**Problem details:** Below are records; count how many of their lines contain the word "Cikande" and give the number alone.

(Collection entries)
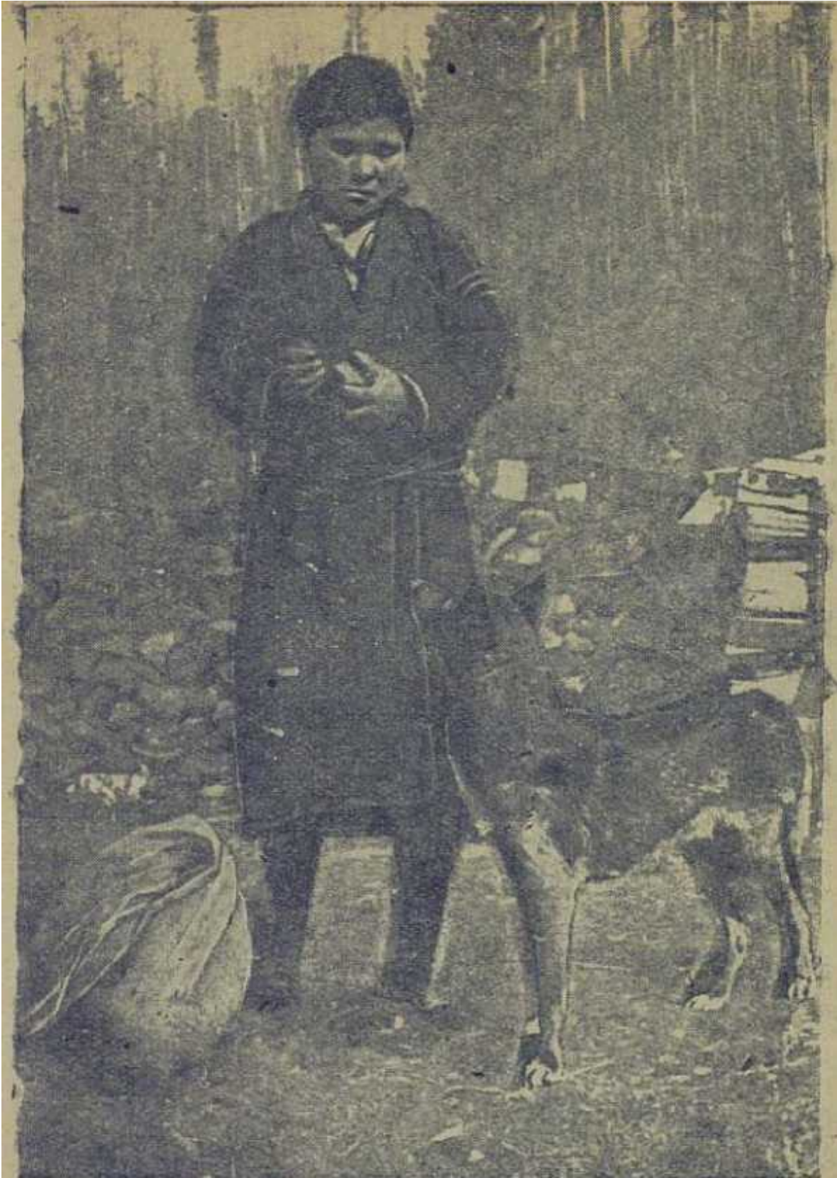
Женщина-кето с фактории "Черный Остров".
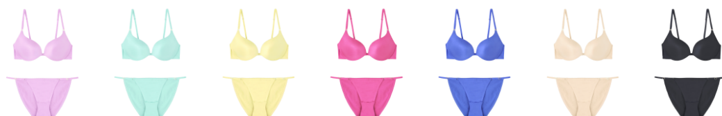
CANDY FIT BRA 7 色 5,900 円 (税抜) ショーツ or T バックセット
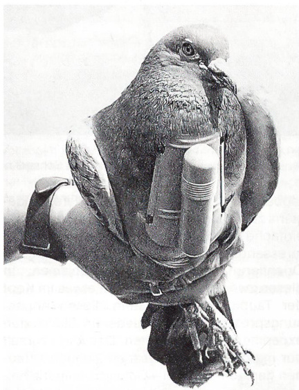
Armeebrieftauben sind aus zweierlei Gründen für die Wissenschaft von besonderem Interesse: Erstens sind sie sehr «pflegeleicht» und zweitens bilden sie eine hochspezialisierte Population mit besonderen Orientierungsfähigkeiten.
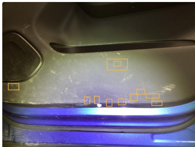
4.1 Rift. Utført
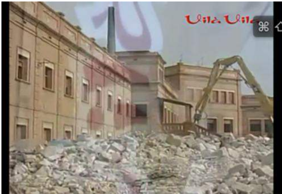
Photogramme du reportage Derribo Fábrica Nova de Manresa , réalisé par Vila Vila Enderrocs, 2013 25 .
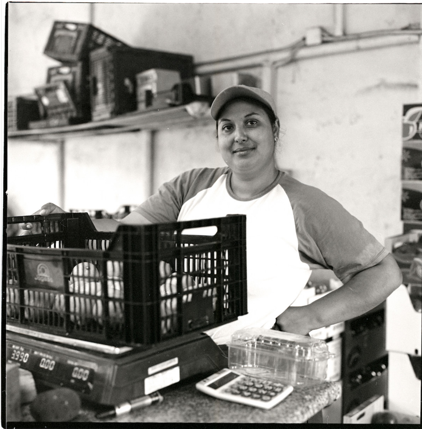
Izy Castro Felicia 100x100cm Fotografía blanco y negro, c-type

---

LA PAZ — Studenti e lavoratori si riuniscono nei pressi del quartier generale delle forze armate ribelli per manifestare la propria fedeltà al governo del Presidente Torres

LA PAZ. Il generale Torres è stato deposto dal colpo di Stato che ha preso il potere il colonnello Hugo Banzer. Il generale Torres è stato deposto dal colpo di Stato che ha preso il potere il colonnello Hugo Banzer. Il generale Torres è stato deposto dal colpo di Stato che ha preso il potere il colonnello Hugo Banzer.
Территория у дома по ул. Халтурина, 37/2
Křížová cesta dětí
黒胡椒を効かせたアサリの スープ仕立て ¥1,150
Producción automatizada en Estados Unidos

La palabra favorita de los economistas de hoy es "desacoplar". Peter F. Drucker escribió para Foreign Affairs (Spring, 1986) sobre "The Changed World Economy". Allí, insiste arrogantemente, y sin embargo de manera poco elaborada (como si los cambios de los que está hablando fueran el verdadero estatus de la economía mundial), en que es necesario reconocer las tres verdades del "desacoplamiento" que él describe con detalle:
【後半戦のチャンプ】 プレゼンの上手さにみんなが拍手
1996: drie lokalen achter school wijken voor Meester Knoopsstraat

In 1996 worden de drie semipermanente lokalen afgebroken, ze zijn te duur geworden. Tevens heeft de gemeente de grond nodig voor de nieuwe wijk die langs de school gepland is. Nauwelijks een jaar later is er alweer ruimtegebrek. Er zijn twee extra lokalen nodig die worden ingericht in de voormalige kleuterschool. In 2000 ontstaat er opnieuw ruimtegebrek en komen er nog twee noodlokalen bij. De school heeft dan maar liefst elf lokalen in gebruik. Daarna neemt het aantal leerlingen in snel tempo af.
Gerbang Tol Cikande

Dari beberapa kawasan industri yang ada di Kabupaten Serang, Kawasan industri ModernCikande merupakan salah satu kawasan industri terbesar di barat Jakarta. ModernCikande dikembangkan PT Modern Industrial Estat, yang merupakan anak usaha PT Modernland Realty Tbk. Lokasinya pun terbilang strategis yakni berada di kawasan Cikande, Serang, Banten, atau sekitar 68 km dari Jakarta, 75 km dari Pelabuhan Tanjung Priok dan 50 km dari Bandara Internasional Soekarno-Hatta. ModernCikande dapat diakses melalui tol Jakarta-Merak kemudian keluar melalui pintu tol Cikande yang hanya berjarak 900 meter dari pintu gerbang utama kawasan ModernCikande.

**Output of the task:** 2